Strong Net Flows and Subscriptions
Subscriptions rose 39% year-on-year to $5.7bn while redemptions fell 35% to $3.4bn, producing net inflows of approximately $2.3bn for the period.
Robust Profitability Driven by Seed Gains
Seed capital delivered pretax gains of GBP 55.4m, contributing to profit before tax increasing 64% to GBP 81.9m and diluted EPS rising 89% to 10.1p (excluding seed returns diluted EPS was 3.1p).
Operating Efficiency and Margins
Adjusted EBITDA was GBP 20.9m with an operating margin of 31%; total operating costs were broadly flat, up ~1% year-on-year, reflecting tight cost control.
Balance Sheet Strength and Liquidity
Total financial resources of GBP 573.6m vs. capital requirements of GBP 93.3m, implying excess financial resources of GBP 480m (67p per share); cash at period end GBP 261m and seed investments market value GBP 391m.
Product and Geographic Expansion
Equities AUM grew 17% to $8.8bn and local offices AUM rose 8% to $8.4bn (equities 17% of group assets; local offices 16%), with new products launched (regional LatAm equity strategy) and new offices operational (Qatar; Mexico regulatory approval expected).

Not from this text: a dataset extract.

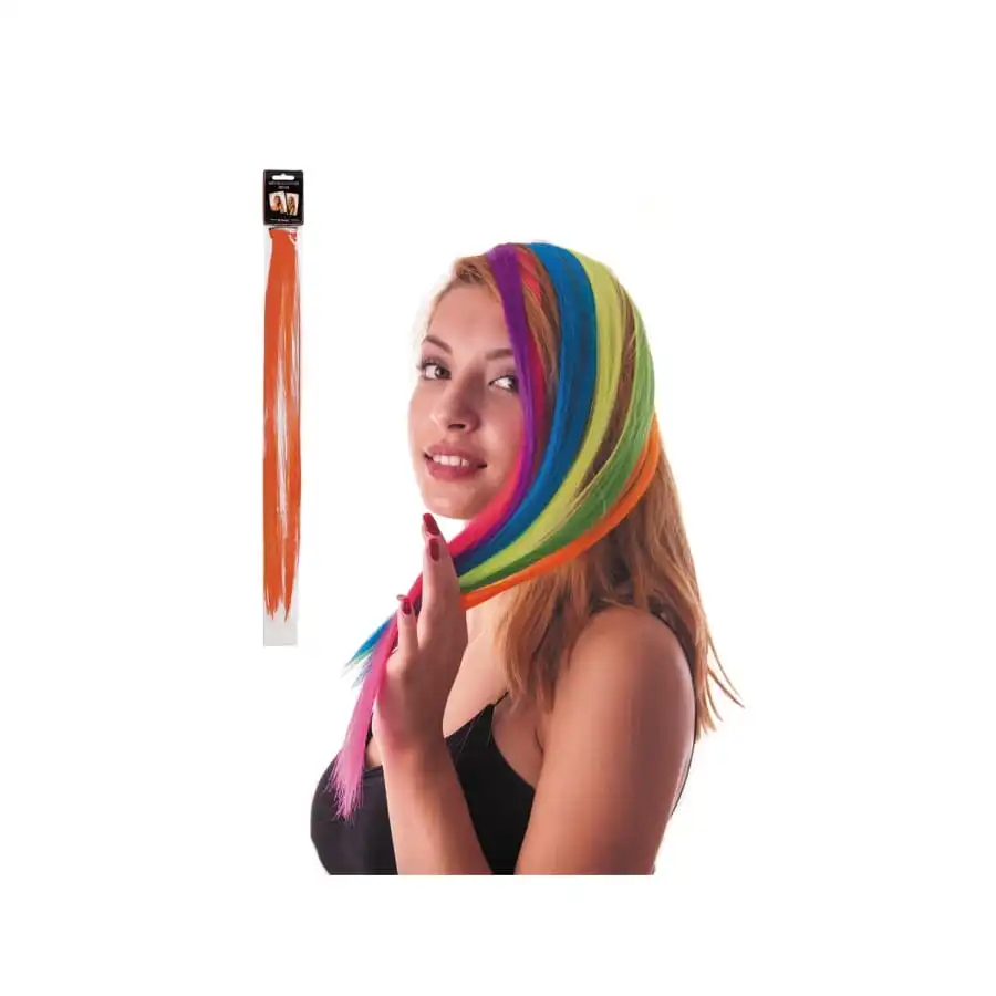 Nous vous présentons une palette de 6 couleurs différentes (au choix) : rose, orange, jaune, violet, bleu et blond.

Investment Performance Outperformance
82% of the firm's assets outperformed peers over 1 year (70% over 3 years, 58% over 5 years); broader EM indices outperformed developed markets (EM Equity +30% vs MSCI World +20%; EM local currency bonds ~+20%).
Improving Pipeline and Client Demand
Management reports a healthier client pipeline versus prior periods, with stronger institutional interest and increasing retail engagement in equities and local currency products.